LAUREN: Yeah. We talked about that a little bit in the actor q and a. Like it was really a very brief period of time. Just because of scheduling. 

IAN: Just because of scheduling, not because of anything else. 

LAUREN: Like, truly just like summer vacations. Like he was truly, like Rob went on vacation, I went on vacation, everyone was just like taking consecutive vacations.

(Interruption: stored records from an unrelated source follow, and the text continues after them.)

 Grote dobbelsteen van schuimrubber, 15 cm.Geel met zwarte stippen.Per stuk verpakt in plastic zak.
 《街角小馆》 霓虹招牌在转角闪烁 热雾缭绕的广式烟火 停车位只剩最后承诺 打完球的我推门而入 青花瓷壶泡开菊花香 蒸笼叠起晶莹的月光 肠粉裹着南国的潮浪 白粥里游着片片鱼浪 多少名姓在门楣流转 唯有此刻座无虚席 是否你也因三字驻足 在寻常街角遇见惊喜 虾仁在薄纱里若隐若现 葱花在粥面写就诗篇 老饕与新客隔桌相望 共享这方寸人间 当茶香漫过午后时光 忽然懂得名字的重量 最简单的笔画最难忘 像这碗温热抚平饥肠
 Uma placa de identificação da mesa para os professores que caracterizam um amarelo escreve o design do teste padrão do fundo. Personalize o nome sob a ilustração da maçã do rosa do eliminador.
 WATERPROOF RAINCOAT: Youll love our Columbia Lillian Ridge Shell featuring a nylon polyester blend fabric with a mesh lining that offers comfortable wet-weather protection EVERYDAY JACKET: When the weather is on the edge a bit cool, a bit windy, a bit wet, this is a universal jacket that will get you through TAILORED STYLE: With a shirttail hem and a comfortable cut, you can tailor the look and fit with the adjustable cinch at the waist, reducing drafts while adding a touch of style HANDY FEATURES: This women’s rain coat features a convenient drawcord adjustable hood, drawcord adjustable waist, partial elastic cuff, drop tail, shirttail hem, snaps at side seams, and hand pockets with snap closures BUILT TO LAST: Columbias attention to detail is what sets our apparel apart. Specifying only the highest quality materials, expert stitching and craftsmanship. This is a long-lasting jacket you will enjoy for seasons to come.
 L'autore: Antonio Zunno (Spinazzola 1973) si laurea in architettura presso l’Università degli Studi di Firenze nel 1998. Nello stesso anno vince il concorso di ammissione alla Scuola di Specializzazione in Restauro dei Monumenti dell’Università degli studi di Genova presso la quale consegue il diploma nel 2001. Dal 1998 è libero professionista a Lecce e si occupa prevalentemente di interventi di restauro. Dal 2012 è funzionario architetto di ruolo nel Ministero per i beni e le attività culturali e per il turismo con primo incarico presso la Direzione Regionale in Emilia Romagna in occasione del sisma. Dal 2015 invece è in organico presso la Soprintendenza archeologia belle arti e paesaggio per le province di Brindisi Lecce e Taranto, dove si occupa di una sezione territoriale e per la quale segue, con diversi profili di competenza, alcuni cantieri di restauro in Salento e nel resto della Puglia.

Yeah. Um, um, which was hilarious. And then time zones, but he, like, he came in and like–

IAN: So prepared, so professional. 

LAUREN: Both of them did just like, and then it was only their first time meeting each other. 'cause the, the fun fact, the minisode in the first season, they both were recorded separately. 

IAN: Yeah.

LAUREN: And we just, we just spliced them together in post. So they really both came in and just threw themselves into it. And, and it was only because of their dedication that I think the chemistry comes across the way, the way that it does. Um, and, and I know this is already a really rambling answer, so I will only add just like. One thing. Um, and it's kinda bringing it back to that idea of like, does any of your, you know, real life seep through, and finding your own way in? I think that so much of the journey that, that cracked open for our characters is, you know, we've talked about like for many different reasons that the season took a long time to write.

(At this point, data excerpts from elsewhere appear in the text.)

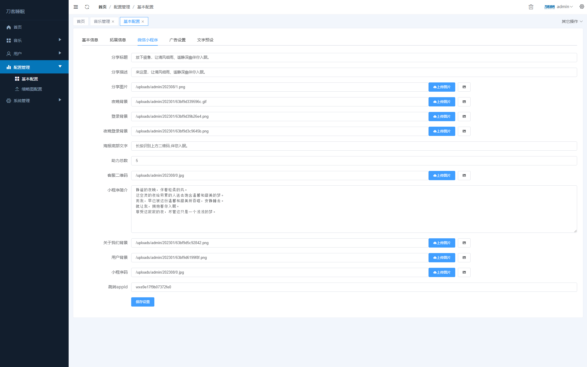 最近比较火的助眠小程序,前端采用vue,可以打包H5,APP,小程序等。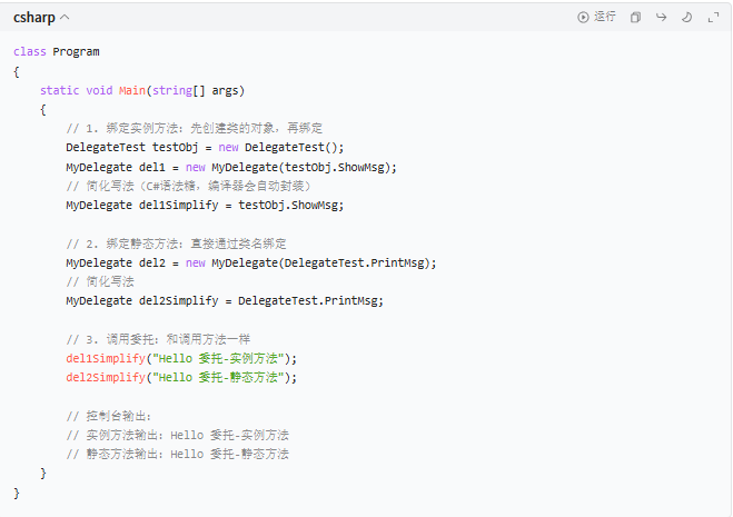C#中使用委托分定义委托、绑定方法、调用委托三步,我们用最简单的代码演示,全程可直接复制到 VS/VS Code 运行。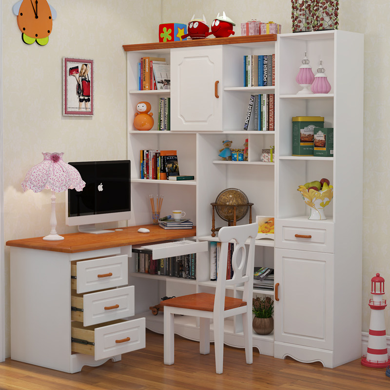 千彩居转角学习带书柜桌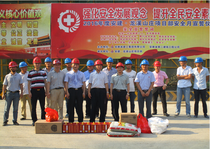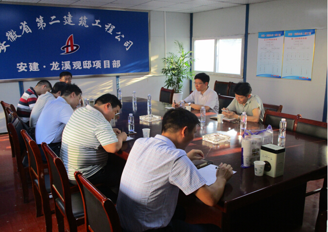 在隨后召開的現(xiàn)場工作會上,王厚良副總經(jīng)理對安建·龍溪山莊工程質(zhì)量和目前所取得的成績給予了充分肯定,對項目近期工作提出四點要求,一是要高標準、嚴要求,抓好現(xiàn)場安全文明施工和標準化施工,提高安徽建工集團在當?shù)氐挠绊懥?;二是要高度重視安全質(zhì)量,確保安全無事故,質(zhì)量無缺陷;三是要強化目標責任制,充分調(diào)動全體員工的積極性;四是要加強人才培養(yǎng),對青年人,工作上要交真本領(lǐng),業(yè)務上要經(jīng)常開展技能培訓。

And it's because burnout is a real–like the thing that we haven't talked about that is a huge thread of the season is Burnout. Um, and I think that the thing that really cracked open for us and the thing that we realized was that the core of this relationship and that was really necessary for them to be in love and to love each other in, in some way–not necessarily romantic, but that, that love was at the center of this. It was that I think we've all, in a relationship, gone through periods where things are hard and burnout is tough. And you have those moments where you don't understand each other and you're, you're, you are asking people like, “I wanna do it right.”

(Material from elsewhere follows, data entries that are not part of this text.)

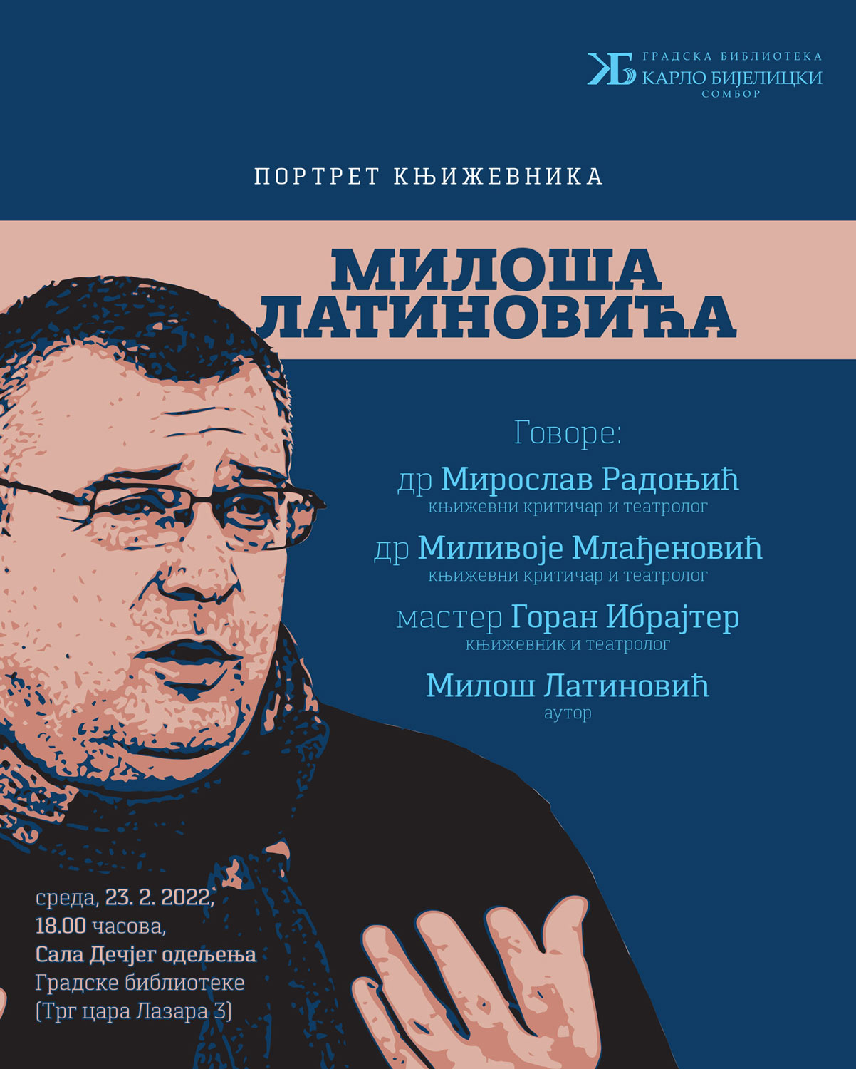 Gradska biblioteka Karlo Bijelicki priređuje veče pod nazivom Portret književnika Miloša Latinovića. U predstavlјanju portreta učestvuju dr Miroslav Radonjić, književni kritičar i teatrolog, dr Milivoje Mlađenović, književni kritičar i teatrolog, master Goran Ibrajter, književnik i teatrolog i Miloš Latinović, autor. Program je zakazan za sredu, 23. februar, u 18 časova, u Sali Dečjeg odelјenja Biblioteke.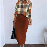 Completo due pezzi da donna – Maglia elasticizzata – Top a maniche lunghe – Gonna midi aderente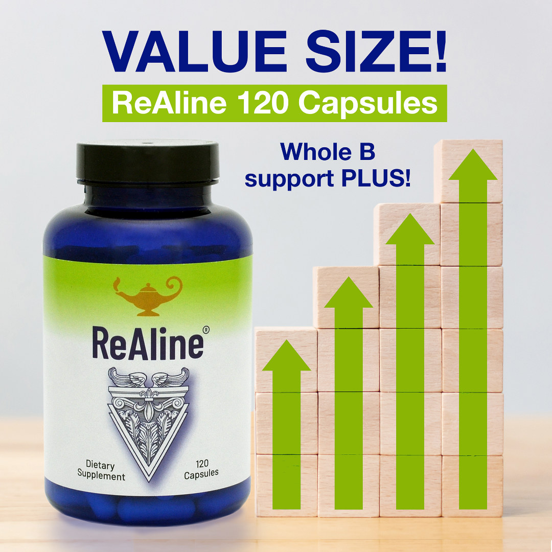 ReAline® nabízí ideální stavební látky pro pokrytí vašich nutričních potřeb – stačí jedna kapsle denně, která dodá buňkám energii potřebnou pro jejich optimální fungování. ReAline® je komplexní doplněk vitamínů skupiny B, který neobsahuje žádné složky živočišného původu a zároveň se výborně vstřebává, takže ho tělo dokáže téměř okamžitě využít.

“I wanna do things right by you,” and you're misunderstanding each other. And really you have to have that tool of stepping back and saying, “Hey, I love you. This is a loving relationship–at the core of this, that is it.” And so much of that relationship between the two of them was just this examination of this question of: What if you didn't have the ability to say, for whatever reason, “I love you?” Like in your relationship, the Conflict Toolbox. And how powerful being able to have the words or the understanding of Love in conflict, especially when when one person is struggling and having trouble reaching out, which Ian and I have both been that person and both known that that person outside of our relationship, and it really did feel like that had to be the unsaid core of that relationship in some real way.

Yep. Um, that was really our way in for that relationship. Um, and that's all I wanted to add. 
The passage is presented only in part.